Тетке Марье нелегко было нас разнимать, втолковывала: рассветает уже, скоро побудка, пора мне уходить. А мы с Анной, ну, не понимаем, как бы начхать, наплевать, как бы все равно…
Растолкали нас силой, выволокли из-под нар. Весь барак не спит, сидят бабы столбами, черные, с выплаканными глазами, кинулись меня крестить наперебой, провожать.
Анна прилипла, не оторвать, шепчет мне на ухо:
— Скажи на прощанье, какая у тебя фамилия?
Мать честная, ведь я за всеми делами-то, оказывается, по форме не представился.
— Иванов я, — говорю, — Ваня Иванов, расейский, которых нас, Ивановых, как нерезаных собак.

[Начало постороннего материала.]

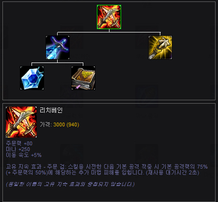 ...75 주문력)만큼 추가 마법 피해'였기 때문이다. 이같은 효과로 인해 마법 피해를 주는 대표적인 챔피언인 피즈 등에게 필수 아이템으로 각광받았다. 하지만 라이엇게임즈는 "리치베인을 활용해 강력한 마법 피해를 퍼붓는 챔피언들은 밸런스 조정이 쉽지 않아서 이번에 리치베인을 직접

— Я всю жизнь буду тебя помнить, Ваня.
На том меня выпихали.
Заложил поскорее брус на место, запер их. Качало меня на свежем воздухе, прошел несколько шагов, не могу, о стенку барака опираюсь. Может быть, я брусом стукнул или просто такая судьба — из-за угла прямо на меня выходит их начальница, в форме, подполковник КГБ. Мы о ней были много наслышаны, законченный бухенвальдский тип садистки. Глаза шарами, как закричит:
— Руки вверх!
Я — бежать. Вот режьте меня, не вспомню и не могу понять, каким манером перелетел через стену, лишь точно знаю, что били по мне пулеметные очереди с вышек, и ничего не попало, только глинной крошкой посекло. Но тогда мне показалось, что попало, и понял, что до своего барака не добегу.
По лагерю сразу тревога, сирена, собаки. Я забился в бочку, бесполезно, но инстинктивно. Вернее, не так уж бесполезно: если бы бегал, как заяц, подстрелили бы, а так вытащили живым.

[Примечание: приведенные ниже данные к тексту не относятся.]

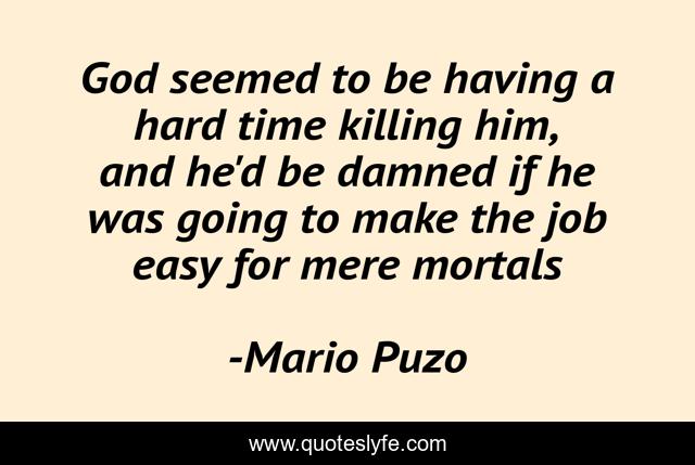This page presents the quote "God seemed to be having a hard time killing him, and he'd be damned if he was going to make the job easy for mere mortals". Author of this quote is Mario Puzo. This quote is about life, mafia, strength,.
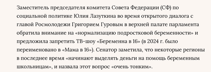 Последние несколько лет тема подростковой беременности в России перестала быть исключительно социальной проблемой — она все чаще звучит в медиа и политической повестке. Государство говорит о поддержке несовершеннолетних матерей, регионы вводят выплаты школьницам и студенткам, а на телевидении продолжают выходить проекты, посвященные раннему материнству. Один из самых заметных — шоу «Мама в 16», ранее известное как «Беременна в 16».

Получил двадцать пять суток карцера, чистое счастье. Я с перепугу и по поведению ждал расстрела. Оказывается, это не рассматривалось как побег, но только как нарушение внутреннего распорядка — за внешние стены я ведь не пытался уйти.
В карцере, впрочем, чуть не умер: лютый холод, лед нарастает по стенам, а меня оставили в одном белье, собственной мочой грелся, вышел полным инвалидом.

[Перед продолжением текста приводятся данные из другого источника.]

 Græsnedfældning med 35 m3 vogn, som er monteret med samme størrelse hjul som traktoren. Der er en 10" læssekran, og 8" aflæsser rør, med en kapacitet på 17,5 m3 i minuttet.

Одной поддержкой была память об Анне: сидя там, уж тысячу раз в уме все опять пережил. Сны умел видеть непременно о ней, это уже похоже на мистику, но я наказывал себе видеть ее, засыпал и видел… Потом эту способность потерял.
Из тюремной больницы пробовал бежать всерьез. Поймали. Остался жив. Но отправили в Казанскую тюрьму, сидел три года в каменном мешке. Пытался кончать самоубийством, но не дали.
Кочуя по тюрьмам, лагерям, насмотрелся — в неделю не расскажешь, но лишь значительно позже я понял, какая то была удача, что я попал именно в тот, а не другой барак. Тетке Марье свечу надо поставить. Умела она держать своих бабонек. Я, новичок-дурачок, понятия не имел, на какой шел риск.
Женщины заключенные без мужчин обычно звереют. Там у них, поверьте, черт-те что творится. Даже охранник с оружием никогда не отважится в одиночку войти в женский барак. В Казахстане у нас был случай, когда женщины цапнули зазевавшегося солдатика, связали, рот заткнули, перевязали суровой ниткой член и насиловали всем бараком, рвали и грызли, пока не умер. Лесбиянками, конечно, полон каждый лагерь, из тряпок или жеваной газеты себе куклы делают, зубные щетки, палки, ложки идут в ход. Иные рассудок теряют, их держат связанными, о, Боже мой, замнем, как говорят, для ясности, но скажу вам: мужчина в лагере страдает много, женщина же — больше. Правда, однако, что, когда сидят десятилетиями, от истощения превращаются в существа, так бы сказать, бесполые.
Гуманнее всего устроили в Мордовии. Кое-где, какой-нибудь раз в году приводят в столовую на киносеанс и мужчин, и женщин вместе. На экране идет кино, Ленин там провозглашает завоевания Октября, а заключенные — на полу, под скамьями, ни одной головы не видно. Это человечно, и по графе — «культурно-воспитательная работа».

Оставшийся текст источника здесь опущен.